>>>>>
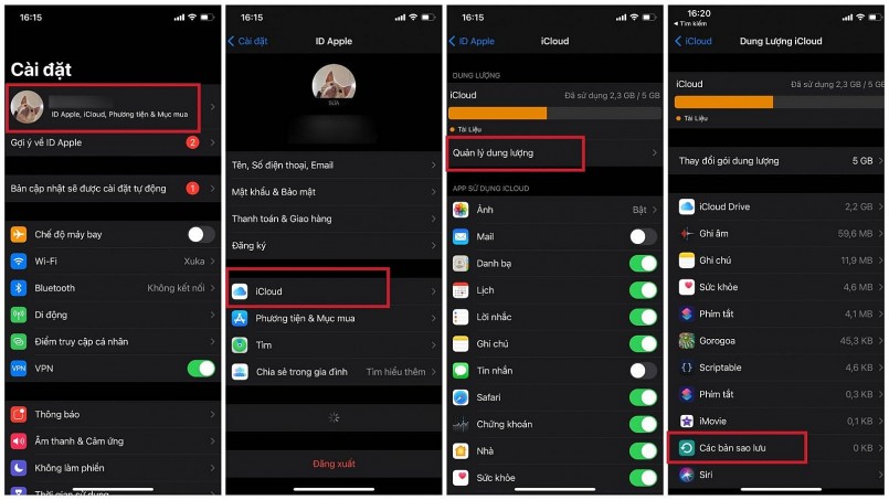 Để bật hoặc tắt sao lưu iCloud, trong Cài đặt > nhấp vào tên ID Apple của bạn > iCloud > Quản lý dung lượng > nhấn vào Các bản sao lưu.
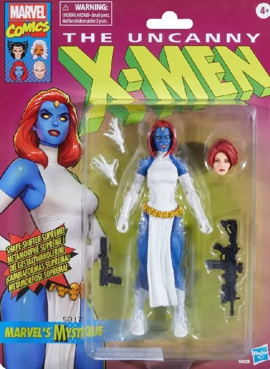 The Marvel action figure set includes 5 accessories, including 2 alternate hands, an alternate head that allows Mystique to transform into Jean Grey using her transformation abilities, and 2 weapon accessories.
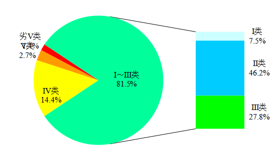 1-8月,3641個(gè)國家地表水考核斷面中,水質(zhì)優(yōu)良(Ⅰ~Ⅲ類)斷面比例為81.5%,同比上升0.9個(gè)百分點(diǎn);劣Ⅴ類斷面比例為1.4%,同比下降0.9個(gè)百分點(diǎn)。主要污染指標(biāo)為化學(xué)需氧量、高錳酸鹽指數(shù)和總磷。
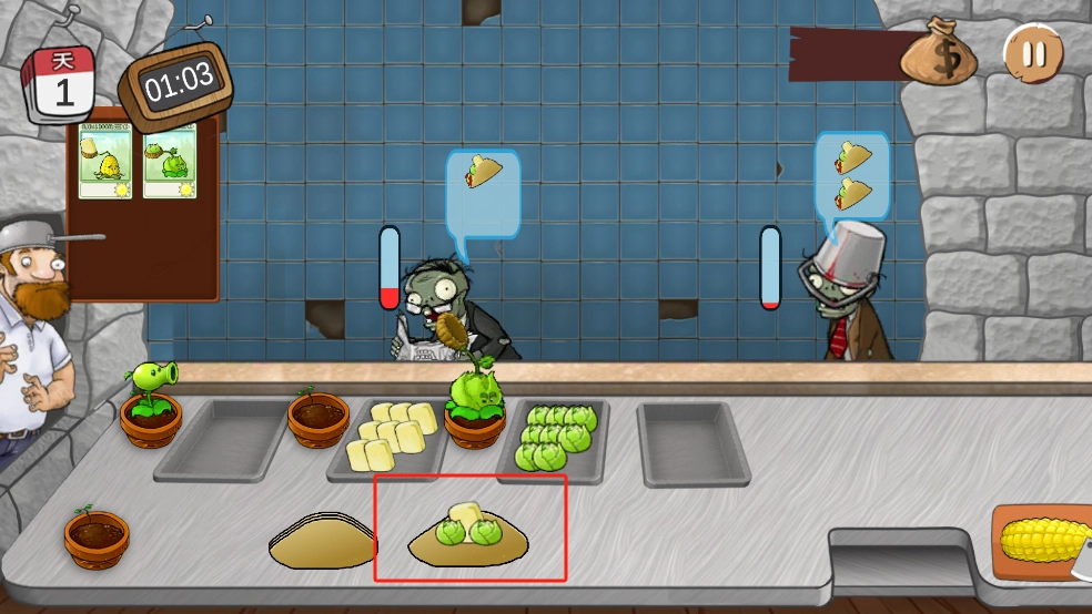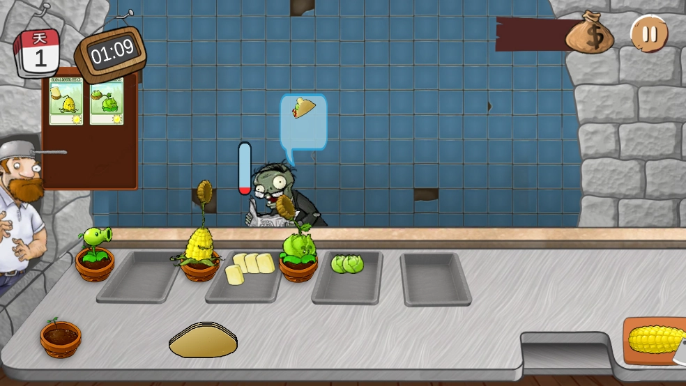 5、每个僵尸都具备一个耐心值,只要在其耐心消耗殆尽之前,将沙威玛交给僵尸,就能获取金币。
<<<<<
>>>>>
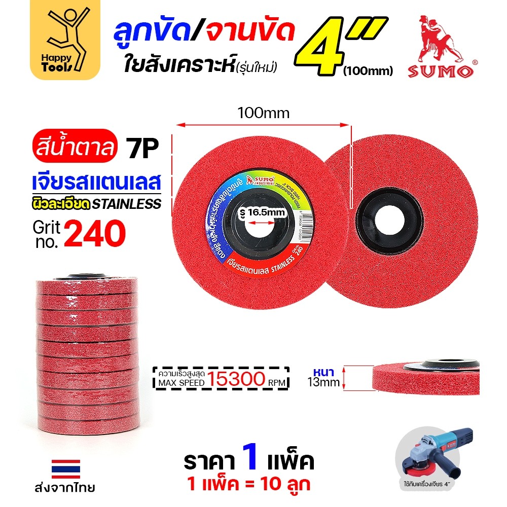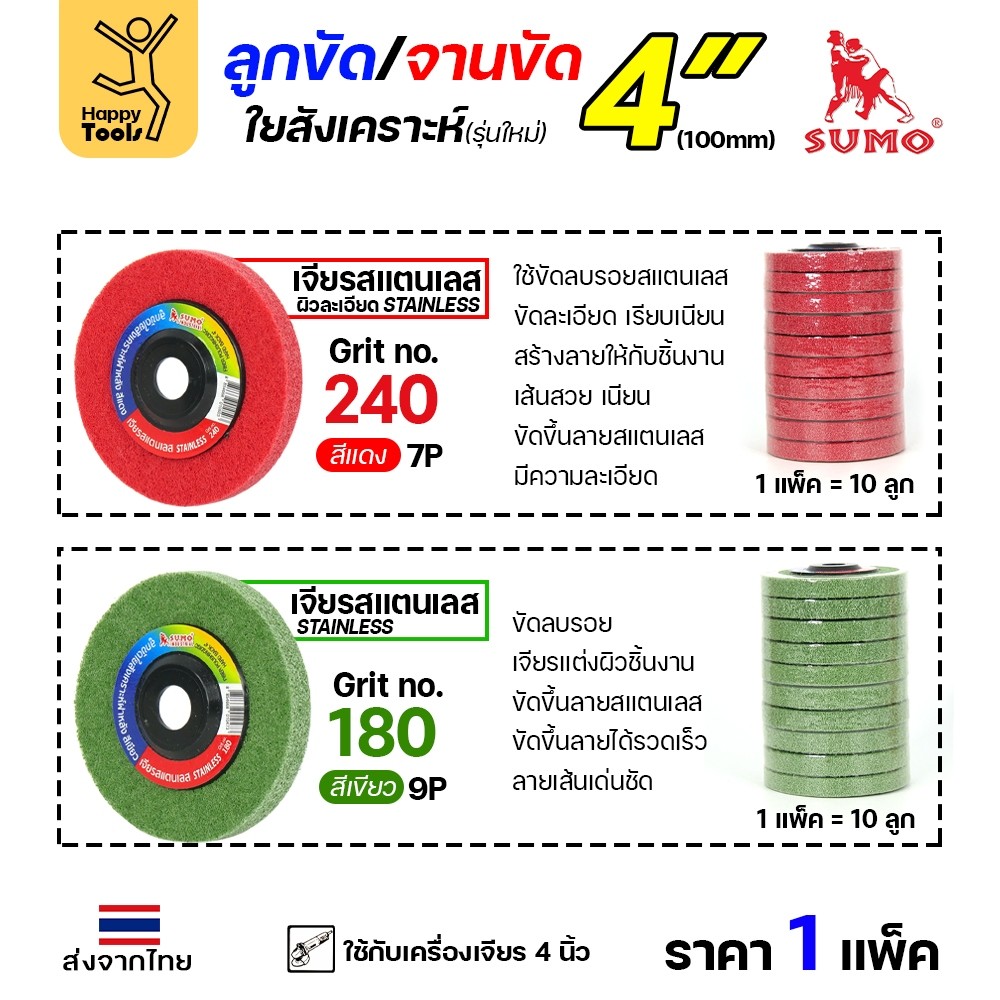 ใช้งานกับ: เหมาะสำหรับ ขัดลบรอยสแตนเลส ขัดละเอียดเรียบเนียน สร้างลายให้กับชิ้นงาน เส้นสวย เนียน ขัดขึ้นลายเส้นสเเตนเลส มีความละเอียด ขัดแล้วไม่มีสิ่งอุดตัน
<<<<<
Copy only the lines above from the one containing "Để bật hoặc" through the one containing "5、每个僵尸都具备一个耐心值", both included. Leave out the pictures.

* _Task output_:
 Để bật hoặc tắt sao lưu iCloud, trong Cài đặt > nhấp vào tên ID Apple của bạn > iCloud > Quản lý dung lượng > nhấn vào Các bản sao lưu.
 The Marvel action figure set includes 5 accessories, including 2 alternate hands, an alternate head that allows Mystique to transform into Jean Grey using her transformation abilities, and 2 weapon accessories.
 1-8月,3641個(gè)國家地表水考核斷面中,水質(zhì)優(yōu)良(Ⅰ~Ⅲ類)斷面比例為81.5%,同比上升0.9個(gè)百分點(diǎn);劣Ⅴ類斷面比例為1.4%,同比下降0.9個(gè)百分點(diǎn)。主要污染指標(biāo)為化學(xué)需氧量、高錳酸鹽指數(shù)和總磷。
 5、每个僵尸都具备一个耐心值,只要在其耐心消耗殆尽之前,将沙威玛交给僵尸,就能获取金币。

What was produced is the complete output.